#### Recommendation Engine

Given large set of X rules available based on existing reconciliations,build a Y rule recommendation system based on the following

- Y rule is configured using one or more X attributes
- Given many X rules , find out which combination of X keys  occur frequently
- Also determine the which frequency combinations are unexpected

**Input** : Rec Type and Schema of X attributes

**Output**:Probable list of Y rules 


---

#### Association rules with antecedent and  consequent

To identify and evaluvate association rules, three things are key

- How frequent itemsets or consequent and antecedent purchased together : **support(Prevalence)**
- Given purchase of antecedent how likely is the purchase of the consequent : **Confidence(Predictablity)**
- How much likely is this association than we would expect by chance :**Lift(Interest)**

**Note**
- Association rules does not imply causality
- Type 1 errors - accepting false rules
- Type 2 errors  - missing significant rules

---

{A(i)}=> {C(i)}

This rule indicates that based on the history of all the transactions, when Item A is found in a transaction or a basket, there is a strong propensity of the occurrence of Item C within the same transaction.

The set of items on the left-hand side is the **antecedent** of the rule,while the one to the right is the **consequent**.

- The antecedent and consequent of the rule can contain more than one item, like Item A and Item C. 

|Session ID|News|Finance|Entertainment|Sports|Arts|
|----------|----|-------|-------------|------|----|
|1	|1|	1|	0|	0|	0|
|2	|1|	1|	0|	0|	0|
|3	|1|	1|	0|	1|	0|
|4	|0|	0|	0|	0|	1|
|5	|1|	1|	0|	1|	0|
|6	|1|	0|	1|	0|	1|

---
#### Support :
The probability that the antecedent event will occur, is the **support** of the rule.That simply refers to the relative frequency that an itemset appears in transactions. 

**S{itemset}** =  **# txn with item set / # txn**

From the above example:

- Support({News})=5/6=0.83
- Support({News, Finance})=4/6 =0.67
- Support({Sports})=2/6=0.33

The support measure for a rule indicates whether a rule is worth considering.
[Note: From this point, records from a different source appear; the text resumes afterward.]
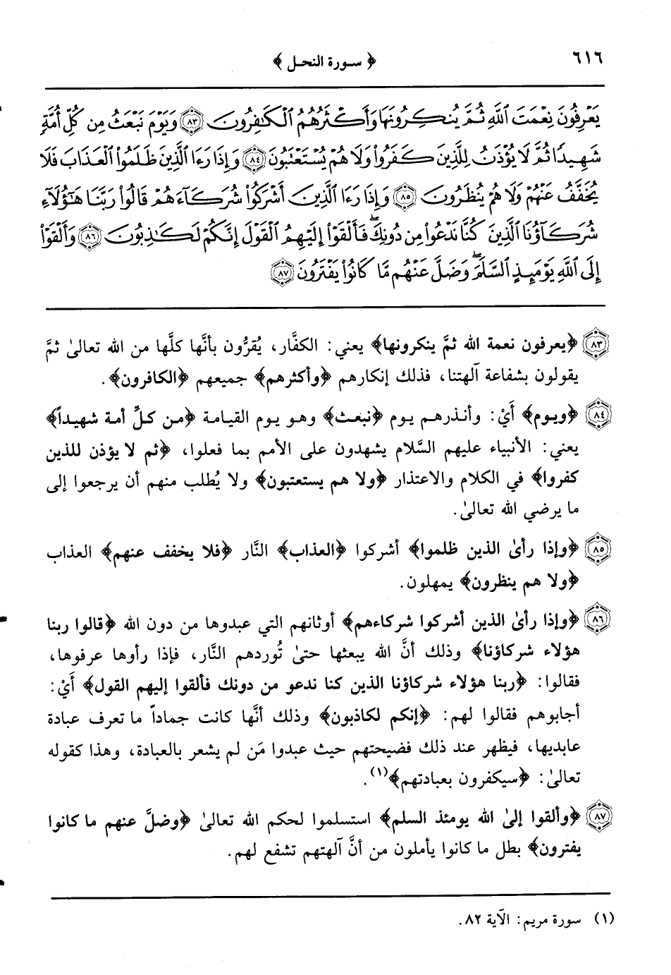 {ويوم} أَيْ: وأنذرهم يوم {نبعث} وهو يوم القيامة {من كلِّ أمة شهيداً} يعني: الأنبياء عليهم السَّلام يشهدون على الأمم بما فعلوا {ثم لا يؤذن للذين كفروا} في الكلام والاعتذار {ولا هم يستعتبون} ولا يُطلب منهم أن يرجعوا إلى ما يرضي الله تعالى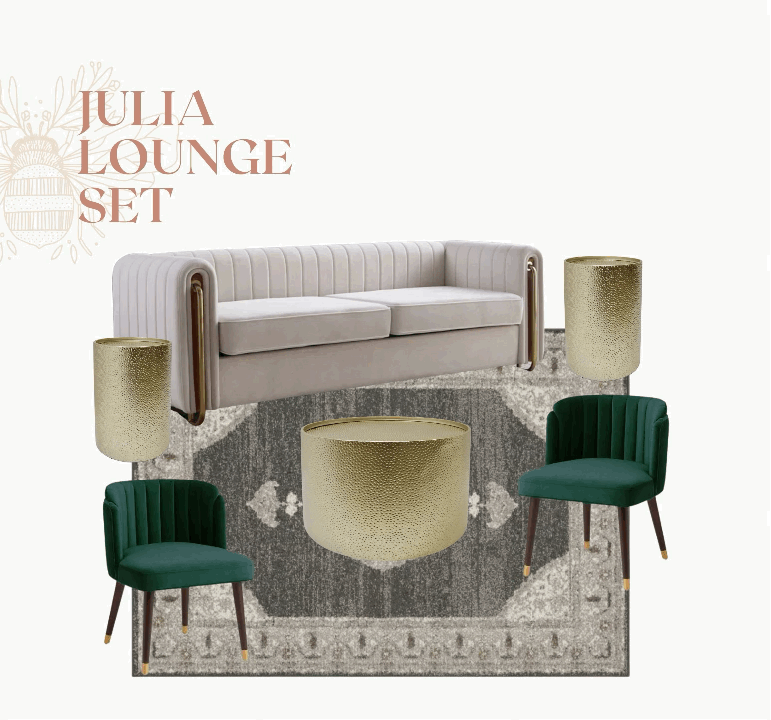 2 EMERALD VELVET CHAIRS BRASS COFFEE TABLE BRASS END TABLE PERSIAN RUG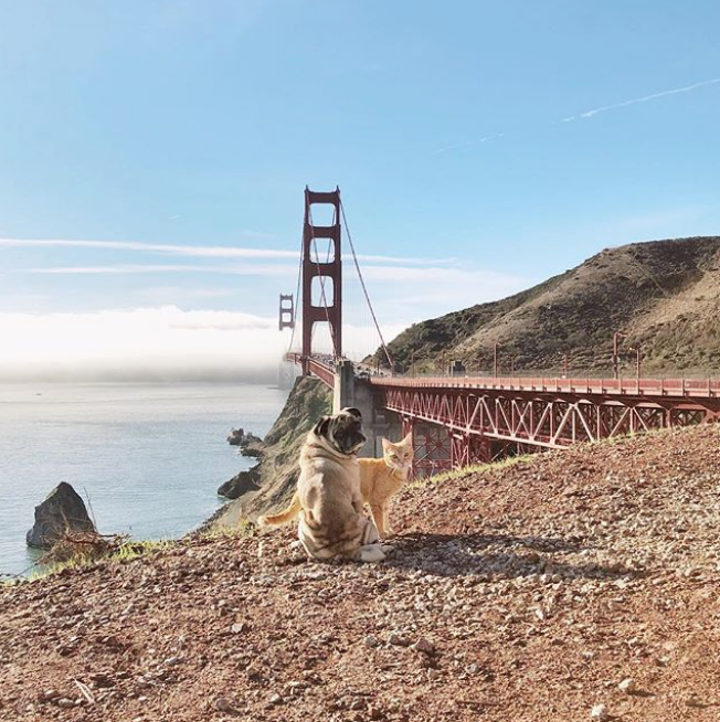 Miles de personas acostumbran realizar viajes con sus mascotas, pero esta pareja de «amigos» está causando sensación en Instagram.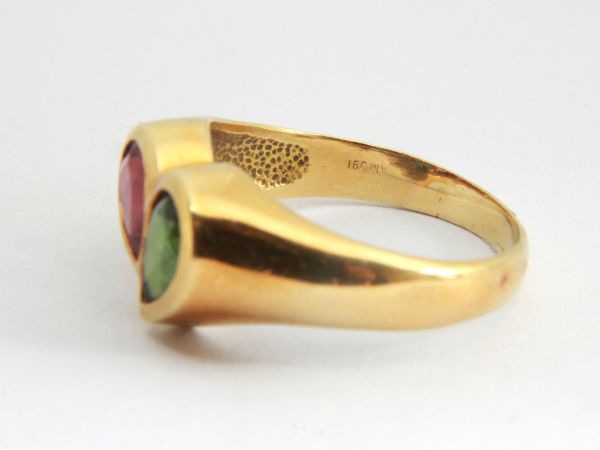 18K GOLD RING SET WITH GREEN + PINK TOURMALINES

Since the support measure favors the items where there is high occurrence, it uncovers the patterns that are worth taking advantage of and investigating.
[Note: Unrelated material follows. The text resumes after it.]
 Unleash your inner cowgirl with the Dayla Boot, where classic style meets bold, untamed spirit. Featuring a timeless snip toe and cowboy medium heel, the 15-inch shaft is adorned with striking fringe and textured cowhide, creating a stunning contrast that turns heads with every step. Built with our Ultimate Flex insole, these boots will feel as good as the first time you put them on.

In association analysis, a threshold of support is specified to filter out infrequent rules. Any rule that exceeds the support threshold is then considered for further analysis.

---
#### Confidence
The probability that a transaction that contains the items on the left hand side of the rule also contains the item on the right hand side.The higher the confidence, the greater the likelihood that the item on the right hand side

**C({A=>C})  = **# txn with both(A&C ) / # txn with A**

In the case of the rule {News, Finance}→{Sports}, the question that the confidence measure answers is, if a transaction has both News and Finance, what is the likelihood of seeing Sports in it?

Confidence({News, Finance,Sports}) = support({News, Finance,Sports})/support({News, Finance})
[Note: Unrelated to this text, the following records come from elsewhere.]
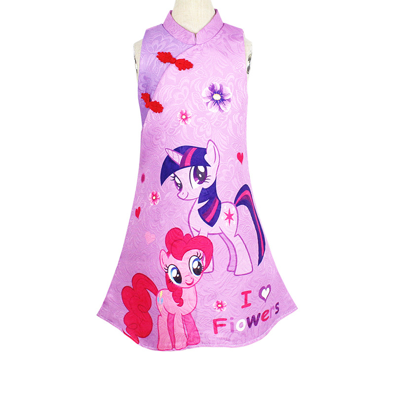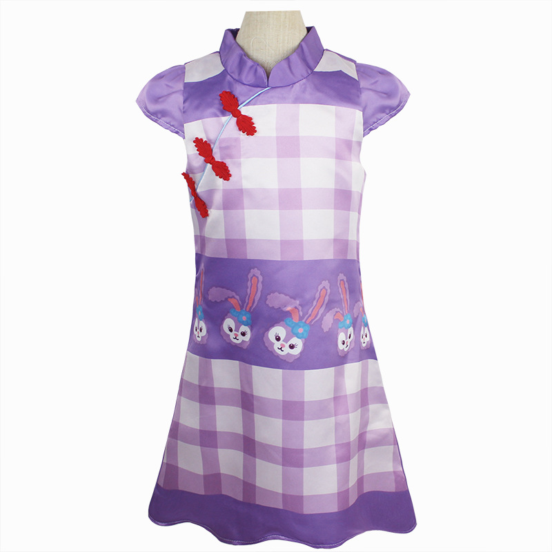 2022夏季新款女童卡通紫色星黛露可爱印花精致纽扣公主童旗袍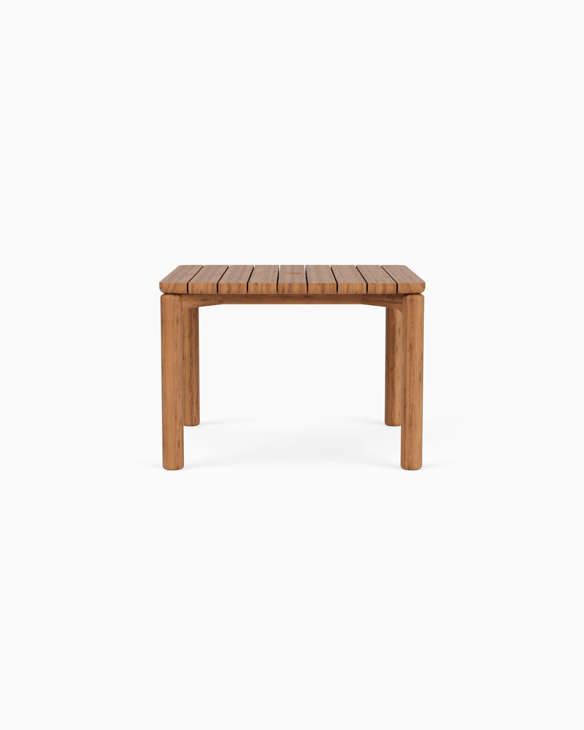 The Outdoor Dillon Square Dining Table brings Denver Modern’s iconic indoor design language outdoors in a compact, versatile form. Crafted as a modern outdoor dining table, it features a slatted teak dining table top engineered for drainage and outdoor durability, paired with gently rounded legs and softened edges for a refined, contemporary presence. Built from solid teak, this teak outdoor dining table naturally withstands the elements and will develop a soft silver patina over time or maintain its warm golden tone with care.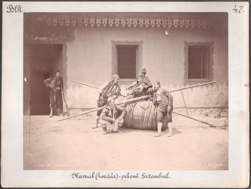 Berggren, Guillaume Gustave (1835-1920): Hamal (hordár) pihenő Sztambulban. Albumin fotó kartonon Cholnoky Jenő földrajztudós és utazó feliratozásával 25×33 cm / Berggren, Guillaume Gustave (1835-1920): Hamal (porter) rest in Istanbul. Albumen photo on cardboard with captions by geographer and traveler Jenő

support({{News, Finance,Sports}) =2/6 =0.33

Support({News, Finance})= 4/6=0.67

Confidence({News, Finance,Sports}) =0.33/0.67 =0.5

##### What  does confidence means in this case  ? Half of the transactions that contain News and Finance also contain Sports. This means that 50% of the users who visit the news and finance pages also visit the sports pages.

---
#### Lift

**Need for Lift :**

Though confidence of the rule is widely used, the frequency of occurrence of a rule consequent (conclusion) is largely ignored. In some transaction itemsets, this can provide spurious scrupulous rule sets because of the presence of infrequent items in the rule consequent.

To solve this, the support of a consequent can be put in the denominator of a confidence calculation. This measure is called the lift of the rule.

Lift is the ratio of the observed support of {News and Finance} and {Sports} with what is expected if {News and Finance} and {Sports} usage were completely independent. 


**L({A=>C}) = S({A=>C}) /S(C).S(A)**

Lift({News, Finance} -> Sports) = support({News, Finance,Sports})/( support({News, Finance}) * support({Sports})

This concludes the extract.